La maladroite de Alexandre Seurat

Un matin, une femme voit sur un journal la photo d’une petite fille, Diana, portée disparue. Elle connaît bien le visage de cette petite dont elle a croisé la route. C’est l’histoire de la petite qui nous est racontée. Une petite tellement maladroite qu’elle a toujours des bleus partout …

Vous l’aurez compris on n’est pas dans du Fantastique ou de l’imaginaire mais bien de la littérature contemporaine qui traite en plus d’un sujet assez lourd qu’est la maltraitance infantile. Le livre est écrit d’une manière très particulière, en effet aucun personnage à part Diana n’a de nom. Les personnages y sont désignés par leur rôle : la grand mère, l’institutrice , le policier … Cela renforce l’idée que cela pourrait arriver n’importe où et que Diana pourrait bien être dans notre classe ou dans notre voisinage. De même il n’y a aucun marqueur spatio-temporel.

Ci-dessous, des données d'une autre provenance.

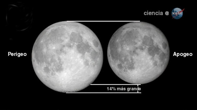 Los científicos señalan que la Luna, en el perigeo, parece un 14 por ciento más grande y un 30 por ciento más brillante que en el apogeo.
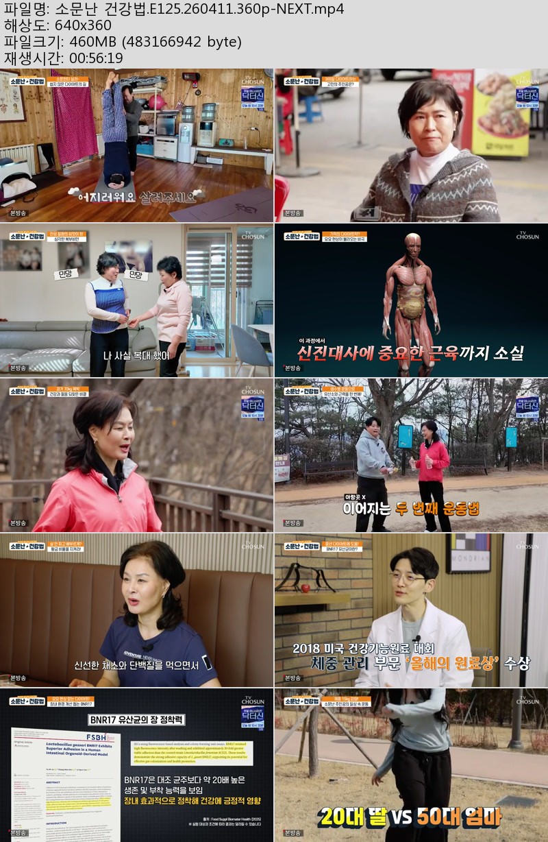 방송/동영상 소문난 건강법 E125 소문난 건강법.E125.260411.360p-NEXT 우야쓰꼬 2026.04.24 3,650 460.8M 다운로드 1개 파일 소문난 건강법.E125.260411.360p-NEXT.mp4 460.8M 다운 추천 498 북마크 공유 목록 Tags 소문난 건강법 E125 NEXT
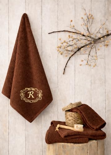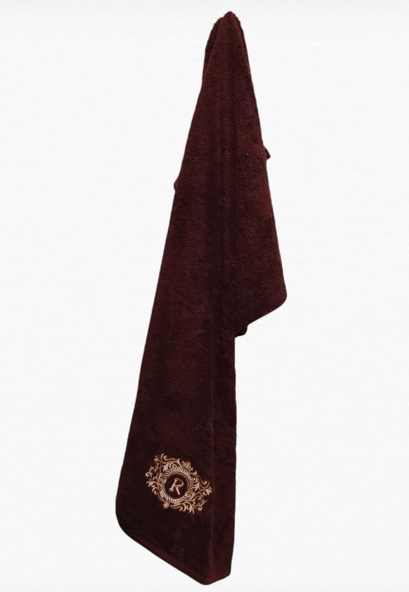 Generic - فوطة حمام مطرزة مصنوعة من القطن بنسبة 100% عالية الامتصاص وسريعة الجفاف للفنادق والمنتجعات الصحية (تطريز حرف R) (لون بني، 1.1× 0.55 متر)
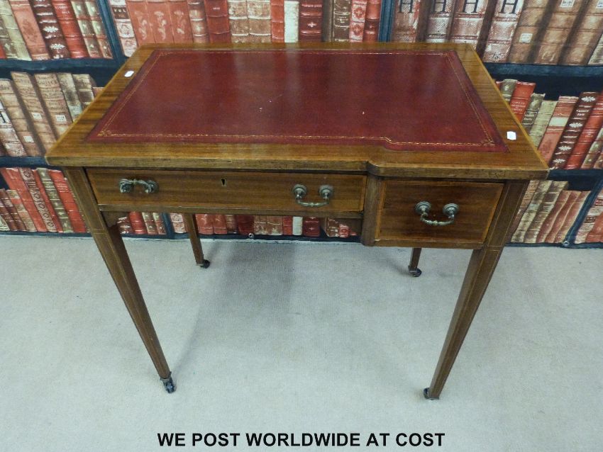 An inlaid mahogany ladies writing desk with leather inset top and two drawers, raised on square tapering legs terminating in castors (H75, W76, D51cm)
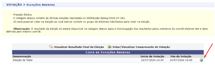 Ao clicar em Votar, o eleitor é redirecionado para a página de Eleições Abertas, na qual é possível visualizar, se houver alguma, as eleições abertas no momento, conforme exibido a seguir. Para iniciar a votação, deve-se clicar no ícone correspondente à eleição desejada.
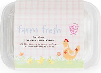 Clean up your mistakes with this Farm Fresh Eraser Set. Includes six mini egg-shaped erasers with a chocolate scent. Perfect for correcting mistakes and adding a sweet aroma to your workspace. Packaged in an adorable mini egg carton, each egg opens up and fits on a pencil! This set is a egg-celent addition to Easter baskets, party favors, or seasonal gifts.
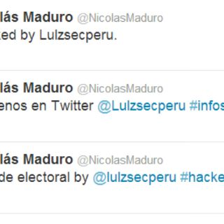 Además, las paginas web http://www.nicolasmaduro.org.ve/ y http://www.maduro.org.ve/ pertenecientes al presidente encargado de Venezuela también fueron hackeadas por el mismo usuario LulzSecPeru.
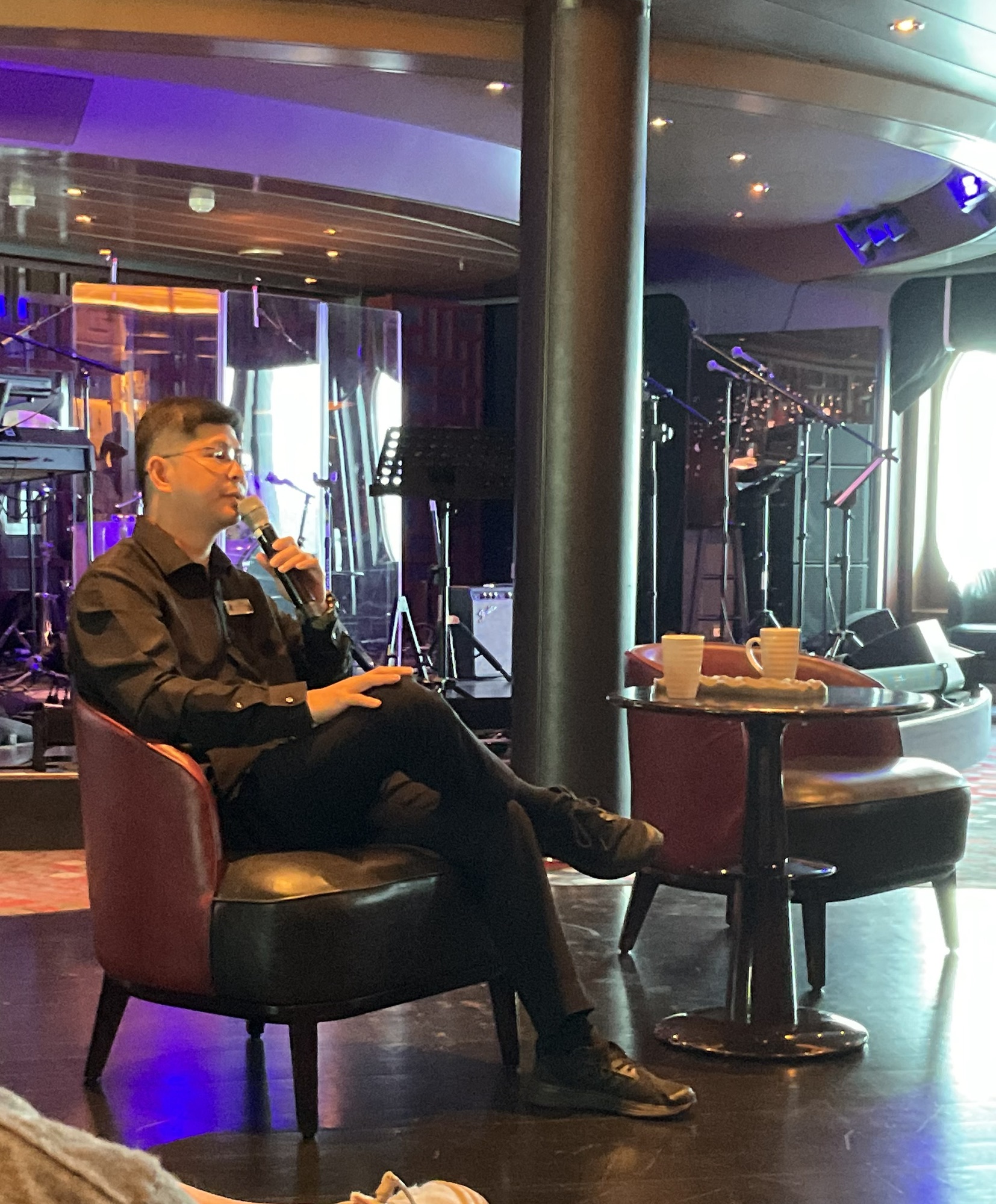 Kristen’s coffee chat guest was Jerald, the ship’s Technical Production Manager. Jerald began his work life as an aircraft maintenance engineer in Manila, Philippines, and changed to a production/lighting career after aircraft industry layoffs. He’s been with HAL since 2006, when he broke through the cultural barrier to become the first Filipino backstage technician. He joked that it was because Filipinos are hard workers and obedient, but quite honestly shared that they are also cheaper, and the work ethic of people from more affluent countries can be “different”, since there are more opportunities available to them. Jerald has a crew of 7, who manage not only the tech needs AND DESIGNS for all the production shows and guest entertainers, but also the video behind lectures and all of the background music on the ship … as well as doing auxiliary jobs like arranging the piano tuner for the instrument used in the World Stage. He said it can be hard to keep up with the pace of change in new technology, and to maintain equipment on a moving ship, but that he has always enjoyed “playing with toys”! There is backup equipment on board, since repairs could take months. Speaking of months, and work ethic, Jerald’s contract is 6 months on board and 2 months off. He told us that American crew members prefer a 4/2 rotation, but Filipinos prefer the longer onboard stretches since it helps them save more money for their families at home. In fact, when Jerald goes home, he still works … as a solar panel installer!

La maladroite de Alexandre SeuratCes parti pris pourraient être dérangeants mais ils renforcent l’impact du livre. De plus, les personnages témoignent à tour de rôle et n’ont forcément qu’une vision parcellaire de l’histoire de Diana. C’est nous lecteurs qui recoupons les histoires et comprenons l’horreur. Nous assistons impuissants à la bureaucratie et aux occasions ratées de sauver la petite. Le roman évite le pathos et bien que le sujet ne soit pas facile, l’auteur évite aussi le glauque et ne se complaît pas dans la description du pire. C’est tout en pudeur mais ça n’en est pas pour autant facile à lire.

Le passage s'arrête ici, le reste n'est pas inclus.